Guardadas as devidas proporções, resta evidente que a diferença entre a Cidade de Goiás e o Rio de Janeiro é abissal, até porque a compensação do governo federal à Cidade Maravilhosa afigura-se de caráter permanente, já que a presença de inúmeros servidores e órgãos públicos se protrai no tempo há mais de seis décadas, além da manutenção integral da rede educacional e da vigência de uma institucionalidade democrática durante o consulado de JK.
A mudança da capital ‘provocou a ruptura do tecido cultural antigo, urdido na velhice de dois séculos pregressos de história’ — Paulo Bertran
Em relação à Cidade de Goiás, a referida ausência de reparação, como seria humano e natural, gerou ressentimento nos vilaboenses. Como expressão dessa mágoa, Nice Monteiro Daher costumava sintetizar aos seus interlocutores que, a partir da transferência, a “Cidade de Goiás foi se desmanchando”, de acordo com o depoimento do médico Ademir Hamú. Eis, portanto, o mesmo sentido da lição ensinada pelo mestre Paulo Bertran: a mudança “provocou a ruptura do tecido cultural antigo, urdido na velhice de dois séculos pregressos de história.”
E é aí então que aportamos na contribuição do jurista e escritor Antônio Celso Ramos Jubé para assunto em baila. Ao apresentar publicamente o seu mais novo livro intitulado “Notáveis Vilaboenses”, Jubé, como é usualmente conhecido no meio intelectual de Goiás, joga luz nesse mencionado sentimento de insatisfação e sobressalto que assomou o espírito dos moradores da antiga capital ao verem o declínio da então bicentenária urbe fundada pelo bandeirante Anhanguera.
É o que se extrai, por exemplo, da leitura das biografias de Abner de Amur Curado, Alcide Celso Ramos Jubé e Francisco Ferreira dos Santos Azevedo (Professor Ferreira), sem prejuízo de permear, explícita ou subliminarmente, outras passagens do trabalho.
A rigor, a valiosa obra de Antônio Celso Ramos Jubé perfaz um conjunto de mais de meia centena de breves biografias de vilaboenses (de nascimento ou adoção). Apesar de o autor não explicar o critério de sua seleção, certamente pesou para a escolha das personalidades esquadrinhadas o prestígio e a credibilidade delas junto à sociedade, porquanto todas apresentam destaque em determinado segmento da vida social da antiga capital.
De igual modo, várias gerações se interagem nas páginas a seguir, desde o já mencionado consagrado Professor Ferreira (1875-1942) — talvez o mais vigoroso intelectual de Vila Boa até hoje — ao jovem e promissor advogado Rafael Fleury, nascido em 1990 e devotado à causa da cultura.
Diversos assuntos são extraídos das biografias, com destaque para aspectos históricos, geográficos, folclóricos, mas sobretudo genealógicos.

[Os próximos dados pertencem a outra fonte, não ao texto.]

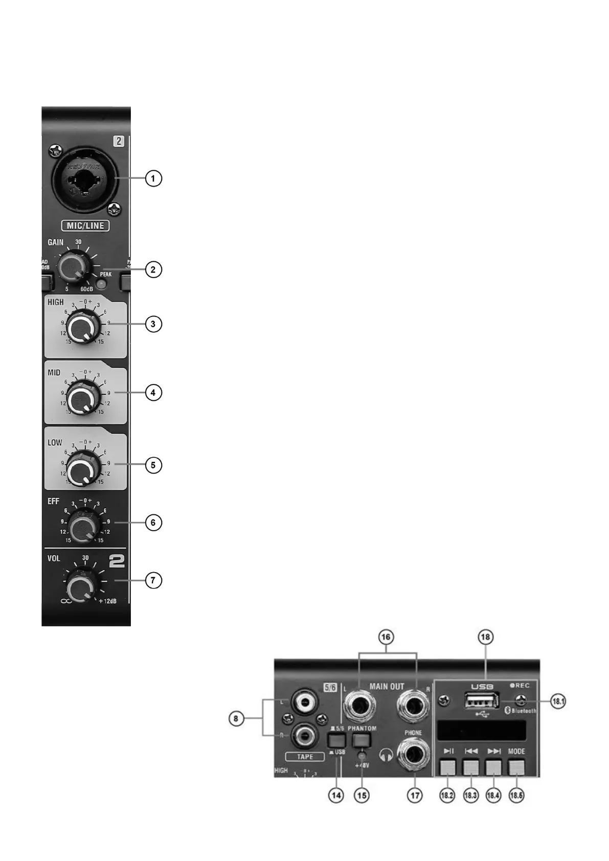Potencjometr EFF reguluje poziom efektu dodawanego do odpowiadającego kanału.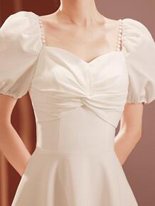 小晚礼服裙气质一字肩小个子夏季订婚领证登记白色连衣...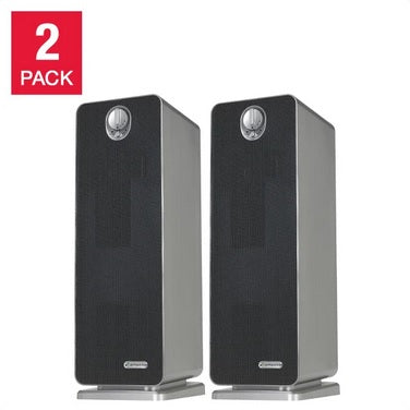The 4-in-1 True HEPA Air Purifier is perfect for allergy sufferers. With a True HEPA filter, it captures 99.97% of dust and allergens as small as 0.3 microns in size. According to the American Academy of Pediatric Allergy and Immunology, doctors recommend HEPA air filtration to reduce exposure to indoor asthma triggers. More than just a filter, the UV-C light helps reduce germs, while the charcoal filter captures odors. Standing 55.9 cm (22 in.) tall, it is lightweight and ideal to use in both small to medium rooms. The easy to use controls include UV-C control and 3 speeds, including a low speed that runs ultra-quiet. The simple, stylish design looks great in any home environment. The 2 pack allows you have units in multiple rooms.

A propósito, cumpre assinalar que passou da hora de Goiás (re)criar o seu Instituto Genealógico, dando assim continuidade aos densos estudos desenvolvidos por Jarbas Jaime, Claro Godoy e tantos outros.

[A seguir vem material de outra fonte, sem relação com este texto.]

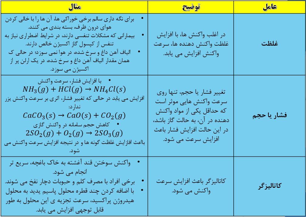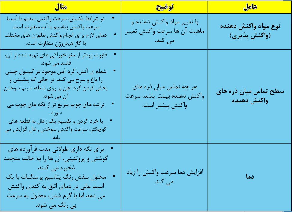 سرعت انجام واکنش به نوع مواد واکنش دهنده، سطح تماس واکنش دهنده ها، غلظت واکنش دهنده ها، دما و کاتالیزگر وابسته است.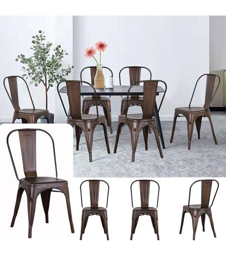 Aqrau Lot de 4 Chaises de Salle à Manger en Métal, Style Industriel, Chaise de Cuisine avec Dossier Haut, Chaise de Jardin Domestique, Couleur oxyde
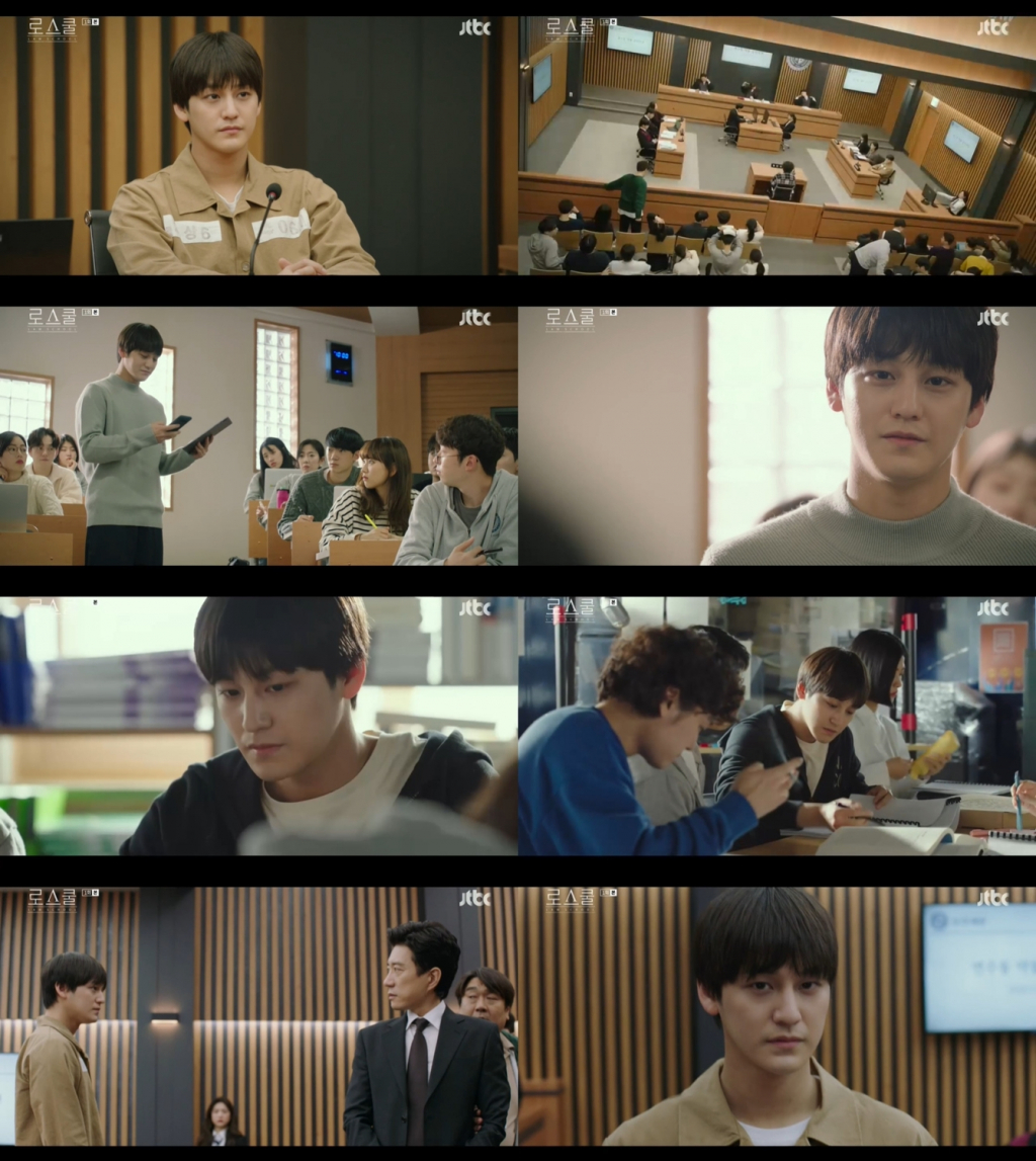 이날 준휘는 모의재판 쉬는 시간 중 법대 밑에 누워있다 재판에 대해 티격태격하는 로스쿨 동기들 사이에서 등장했다. 그는 묵비권은 증인이 아니라 피고인이 하는 거라며 민복기(이강지 분)의 말을 바로잡고, 동시에 강솔A(류혜영 분)의 실수도 예리하게 고쳐줬다. 또한 그는 이어지는 솔A의 질문에도 능숙하게 대답하며 눈에 띄는 지성미를 뽐냈다.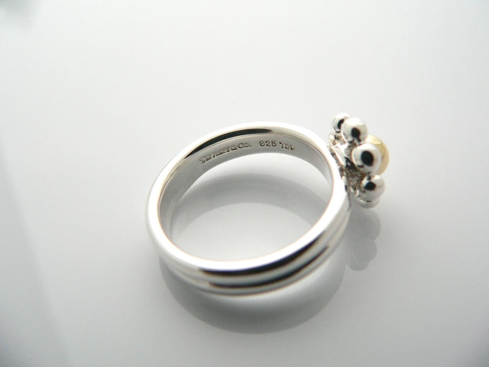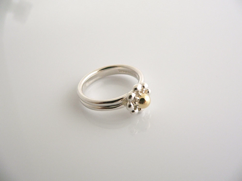 Overview: Offered for sale is a wonderful Tiffany and Co. Silver and 18K Gold Paloma Picasso Jolie Bead Flower Ring. Looks very feminine and pretty on the fingers, this ring is surely one that you will turn to over and over again. It is composed of an 18K yellow gold bead surrounded by silver beads that resemble a cute little flower. And because it is two tone, the ring will go with pretty much any other piece of jewelry you already own. It is elegant, very versatile, and extremely comfortable to wear. This wonderful piece is in very good condition. Perfect ring to start or add to your Tiffany collection. The ring is fully hallmarked and is guaranteed to be 100% authentic. Wonderful present for yourself or anyone you love! Will surely delight! Matching necklace and bangle are also available for sale in separate listings. Please have a look! Particulars: Size & Measurements: The ring is a size 6 Metal & Hallmarks: Tiffany & Co. / Paloma Picasso / 925 / 750 Solid 925 sterling silver and solid 18K gold Please check out my other unique and interesting Tiffany items on sale.

Membro de tradicional família goiana, integrante do Instituto Histórico e Geográfico de Goiás (IHGG), atual componente do Conselho Estadual de Cultura, servidor aposentado do Tribunal Regional Eleitoral de Goiás (TRE/GO) e vivamente interessado pelo tema da genealogia, fica consignado, desde já, a sugestão para que o autor agregue pesquisadores à sua inquestionável liderança, considere a ideia e a faça sair do papel.
Desse modo, dará mais uma útil contribuição ao campo intelectual de nossa terra, ora reforçado com o lançamento de outra robusta obra que merece ser lida e detidamente analisada. Lembrando sempre, como dito no início, que toda análise depende muito da comparação que se estabelece.
Jales Guedes Coelho Mendonça é presidente do Instituto Histórico e Geográfico de Goiás (IHGG), doutor em História pela UFG, promotor de Justiça desde 1999 e autor do livro “A Invenção de Goiânia: O Outro Lado da Mudança” (Editora da UFG, 2018, 688 páginas.) É colaborador do Jornal Opção.
Nota da redação: o texto acima é o prefácio de Jales Mendonça para o livro de Antônio Celso Ramos Jubé.